[Brief]
Output, without alteration, the first line of the entries and each line after it, stopping with the line that contains "For ups, Firestone".

[Data for the task]

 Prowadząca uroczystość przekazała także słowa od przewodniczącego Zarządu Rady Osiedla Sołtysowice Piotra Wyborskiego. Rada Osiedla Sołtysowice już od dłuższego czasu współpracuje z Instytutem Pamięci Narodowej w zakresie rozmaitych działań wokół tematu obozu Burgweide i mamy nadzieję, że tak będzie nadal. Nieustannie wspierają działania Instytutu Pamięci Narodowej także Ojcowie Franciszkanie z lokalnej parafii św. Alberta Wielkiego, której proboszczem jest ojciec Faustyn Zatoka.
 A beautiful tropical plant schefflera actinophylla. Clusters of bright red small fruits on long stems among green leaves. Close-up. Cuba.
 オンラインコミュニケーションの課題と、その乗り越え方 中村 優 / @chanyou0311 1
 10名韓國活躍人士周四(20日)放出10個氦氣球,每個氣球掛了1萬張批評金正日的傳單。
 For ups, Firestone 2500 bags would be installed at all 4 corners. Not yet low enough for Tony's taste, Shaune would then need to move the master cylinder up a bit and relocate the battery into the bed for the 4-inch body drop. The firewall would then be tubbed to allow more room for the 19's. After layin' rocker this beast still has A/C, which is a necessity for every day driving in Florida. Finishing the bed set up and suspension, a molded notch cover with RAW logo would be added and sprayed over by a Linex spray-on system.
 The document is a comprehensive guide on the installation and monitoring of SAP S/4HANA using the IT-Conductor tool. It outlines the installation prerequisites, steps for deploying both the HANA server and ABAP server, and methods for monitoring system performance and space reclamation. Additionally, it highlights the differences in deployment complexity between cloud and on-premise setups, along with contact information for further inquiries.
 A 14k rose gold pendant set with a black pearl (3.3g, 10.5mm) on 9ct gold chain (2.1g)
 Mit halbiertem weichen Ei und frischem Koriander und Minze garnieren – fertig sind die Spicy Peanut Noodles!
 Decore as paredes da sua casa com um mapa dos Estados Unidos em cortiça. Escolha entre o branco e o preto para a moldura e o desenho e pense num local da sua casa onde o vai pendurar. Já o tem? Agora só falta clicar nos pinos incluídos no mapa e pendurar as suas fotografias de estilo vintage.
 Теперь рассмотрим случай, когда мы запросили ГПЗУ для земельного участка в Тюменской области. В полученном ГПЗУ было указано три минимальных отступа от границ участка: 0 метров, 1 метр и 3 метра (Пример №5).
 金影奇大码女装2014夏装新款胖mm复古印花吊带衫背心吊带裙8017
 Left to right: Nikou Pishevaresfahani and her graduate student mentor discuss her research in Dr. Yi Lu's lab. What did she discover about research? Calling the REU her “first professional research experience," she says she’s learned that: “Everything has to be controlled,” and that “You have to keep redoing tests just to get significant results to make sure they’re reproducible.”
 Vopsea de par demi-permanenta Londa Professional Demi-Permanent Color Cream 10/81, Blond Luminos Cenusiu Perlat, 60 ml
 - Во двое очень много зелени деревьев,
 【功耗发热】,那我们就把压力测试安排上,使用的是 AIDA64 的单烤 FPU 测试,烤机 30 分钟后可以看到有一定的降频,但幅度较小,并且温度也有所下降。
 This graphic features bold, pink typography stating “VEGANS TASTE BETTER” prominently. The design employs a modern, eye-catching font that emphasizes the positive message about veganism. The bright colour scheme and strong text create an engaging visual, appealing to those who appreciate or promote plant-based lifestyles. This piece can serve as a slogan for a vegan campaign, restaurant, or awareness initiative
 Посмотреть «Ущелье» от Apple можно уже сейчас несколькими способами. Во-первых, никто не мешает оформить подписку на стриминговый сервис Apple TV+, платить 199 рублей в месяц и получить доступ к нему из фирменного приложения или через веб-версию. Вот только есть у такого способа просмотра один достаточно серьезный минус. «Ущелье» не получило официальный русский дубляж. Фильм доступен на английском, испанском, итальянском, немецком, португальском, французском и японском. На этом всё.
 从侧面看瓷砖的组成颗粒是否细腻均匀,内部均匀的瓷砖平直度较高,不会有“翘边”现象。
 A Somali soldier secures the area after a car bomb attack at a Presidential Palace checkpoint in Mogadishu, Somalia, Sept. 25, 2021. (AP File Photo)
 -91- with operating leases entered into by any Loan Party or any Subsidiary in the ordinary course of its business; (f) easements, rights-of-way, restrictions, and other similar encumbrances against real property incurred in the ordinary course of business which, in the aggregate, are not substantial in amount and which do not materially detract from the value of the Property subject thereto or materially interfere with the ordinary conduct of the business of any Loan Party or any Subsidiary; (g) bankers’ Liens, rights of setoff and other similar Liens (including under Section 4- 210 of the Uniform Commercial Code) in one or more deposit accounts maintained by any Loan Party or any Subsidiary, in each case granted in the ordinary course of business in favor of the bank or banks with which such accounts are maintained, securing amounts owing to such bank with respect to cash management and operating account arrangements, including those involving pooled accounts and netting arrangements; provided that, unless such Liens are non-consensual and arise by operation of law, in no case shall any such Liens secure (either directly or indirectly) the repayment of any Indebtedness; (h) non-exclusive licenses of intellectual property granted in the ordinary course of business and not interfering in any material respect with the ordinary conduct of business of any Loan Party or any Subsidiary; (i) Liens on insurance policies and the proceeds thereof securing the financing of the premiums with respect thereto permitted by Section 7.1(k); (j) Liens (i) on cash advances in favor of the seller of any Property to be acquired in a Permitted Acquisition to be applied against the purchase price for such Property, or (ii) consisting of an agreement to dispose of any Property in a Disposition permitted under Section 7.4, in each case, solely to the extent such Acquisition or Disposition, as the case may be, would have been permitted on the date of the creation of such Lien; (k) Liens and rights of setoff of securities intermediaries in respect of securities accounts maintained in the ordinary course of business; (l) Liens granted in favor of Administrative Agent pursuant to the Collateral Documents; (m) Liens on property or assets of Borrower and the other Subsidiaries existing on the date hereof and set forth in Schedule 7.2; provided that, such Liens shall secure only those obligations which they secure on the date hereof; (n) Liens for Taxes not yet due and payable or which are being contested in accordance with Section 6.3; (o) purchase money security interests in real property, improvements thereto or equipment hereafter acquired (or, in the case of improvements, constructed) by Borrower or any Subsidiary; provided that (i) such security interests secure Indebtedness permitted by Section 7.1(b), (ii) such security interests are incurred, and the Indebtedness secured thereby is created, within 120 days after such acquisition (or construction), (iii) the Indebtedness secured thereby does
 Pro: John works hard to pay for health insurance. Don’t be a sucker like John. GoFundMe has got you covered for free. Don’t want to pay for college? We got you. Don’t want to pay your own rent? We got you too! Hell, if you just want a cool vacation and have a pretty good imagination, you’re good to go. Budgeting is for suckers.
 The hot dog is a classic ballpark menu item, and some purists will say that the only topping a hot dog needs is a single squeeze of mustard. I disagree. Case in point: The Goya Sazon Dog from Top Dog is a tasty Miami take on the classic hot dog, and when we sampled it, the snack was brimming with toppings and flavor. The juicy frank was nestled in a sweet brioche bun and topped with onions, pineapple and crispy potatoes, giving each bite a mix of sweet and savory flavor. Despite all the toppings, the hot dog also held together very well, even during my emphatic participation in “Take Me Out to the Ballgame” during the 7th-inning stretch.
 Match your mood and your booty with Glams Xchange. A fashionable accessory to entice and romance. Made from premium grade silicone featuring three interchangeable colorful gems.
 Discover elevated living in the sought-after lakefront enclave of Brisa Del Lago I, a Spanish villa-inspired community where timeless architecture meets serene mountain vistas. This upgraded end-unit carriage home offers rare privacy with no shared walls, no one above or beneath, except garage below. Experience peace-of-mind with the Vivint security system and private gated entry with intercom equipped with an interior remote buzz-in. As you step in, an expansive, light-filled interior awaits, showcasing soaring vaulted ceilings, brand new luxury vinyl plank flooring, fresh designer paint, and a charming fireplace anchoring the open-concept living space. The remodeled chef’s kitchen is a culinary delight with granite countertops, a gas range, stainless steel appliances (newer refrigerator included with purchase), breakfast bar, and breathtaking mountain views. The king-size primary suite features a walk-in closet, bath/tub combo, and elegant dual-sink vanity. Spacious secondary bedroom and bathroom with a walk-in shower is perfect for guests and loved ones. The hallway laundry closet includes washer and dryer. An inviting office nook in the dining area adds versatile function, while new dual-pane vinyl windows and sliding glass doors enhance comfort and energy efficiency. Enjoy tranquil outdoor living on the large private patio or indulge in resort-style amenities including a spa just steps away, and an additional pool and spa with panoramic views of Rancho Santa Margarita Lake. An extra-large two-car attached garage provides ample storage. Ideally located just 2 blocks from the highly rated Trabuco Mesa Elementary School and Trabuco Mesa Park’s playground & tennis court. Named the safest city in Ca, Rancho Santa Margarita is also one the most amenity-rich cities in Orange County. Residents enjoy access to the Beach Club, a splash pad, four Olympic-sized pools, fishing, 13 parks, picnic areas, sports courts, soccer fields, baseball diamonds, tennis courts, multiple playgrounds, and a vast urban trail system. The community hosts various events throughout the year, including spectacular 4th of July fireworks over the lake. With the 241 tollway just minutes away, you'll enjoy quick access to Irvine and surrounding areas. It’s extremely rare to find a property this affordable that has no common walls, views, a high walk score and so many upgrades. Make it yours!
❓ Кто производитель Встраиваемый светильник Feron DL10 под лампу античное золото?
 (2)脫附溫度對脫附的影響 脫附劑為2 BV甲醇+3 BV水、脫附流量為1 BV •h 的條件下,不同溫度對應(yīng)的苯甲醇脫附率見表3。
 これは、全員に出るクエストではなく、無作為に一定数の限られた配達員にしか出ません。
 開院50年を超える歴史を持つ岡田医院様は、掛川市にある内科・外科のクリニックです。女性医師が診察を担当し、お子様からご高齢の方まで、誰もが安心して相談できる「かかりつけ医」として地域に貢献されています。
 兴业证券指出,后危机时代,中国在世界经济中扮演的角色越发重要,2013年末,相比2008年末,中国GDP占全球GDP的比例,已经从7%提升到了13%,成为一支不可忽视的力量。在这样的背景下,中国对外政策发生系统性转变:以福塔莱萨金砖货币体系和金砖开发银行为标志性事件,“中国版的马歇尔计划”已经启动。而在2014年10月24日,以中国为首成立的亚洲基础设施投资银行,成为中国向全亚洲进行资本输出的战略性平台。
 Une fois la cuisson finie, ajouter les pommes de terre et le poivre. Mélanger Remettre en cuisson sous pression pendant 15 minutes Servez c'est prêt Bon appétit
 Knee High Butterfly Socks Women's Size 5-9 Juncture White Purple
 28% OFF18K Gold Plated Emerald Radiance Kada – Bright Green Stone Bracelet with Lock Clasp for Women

[Task output]
 Prowadząca uroczystość przekazała także słowa od przewodniczącego Zarządu Rady Osiedla Sołtysowice Piotra Wyborskiego. Rada Osiedla Sołtysowice już od dłuższego czasu współpracuje z Instytutem Pamięci Narodowej w zakresie rozmaitych działań wokół tematu obozu Burgweide i mamy nadzieję, że tak będzie nadal. Nieustannie wspierają działania Instytutu Pamięci Narodowej także Ojcowie Franciszkanie z lokalnej parafii św. Alberta Wielkiego, której proboszczem jest ojciec Faustyn Zatoka.
 A beautiful tropical plant schefflera actinophylla. Clusters of bright red small fruits on long stems among green leaves. Close-up. Cuba.
 オンラインコミュニケーションの課題と、その乗り越え方 中村 優 / @chanyou0311 1
 10名韓國活躍人士周四(20日)放出10個氦氣球,每個氣球掛了1萬張批評金正日的傳單。
 For ups, Firestone 2500 bags would be installed at all 4 corners. Not yet low enough for Tony's taste, Shaune would then need to move the master cylinder up a bit and relocate the battery into the bed for the 4-inch body drop. The firewall would then be tubbed to allow more room for the 19's. After layin' rocker this beast still has A/C, which is a necessity for every day driving in Florida. Finishing the bed set up and suspension, a molded notch cover with RAW logo would be added and sprayed over by a Linex spray-on system.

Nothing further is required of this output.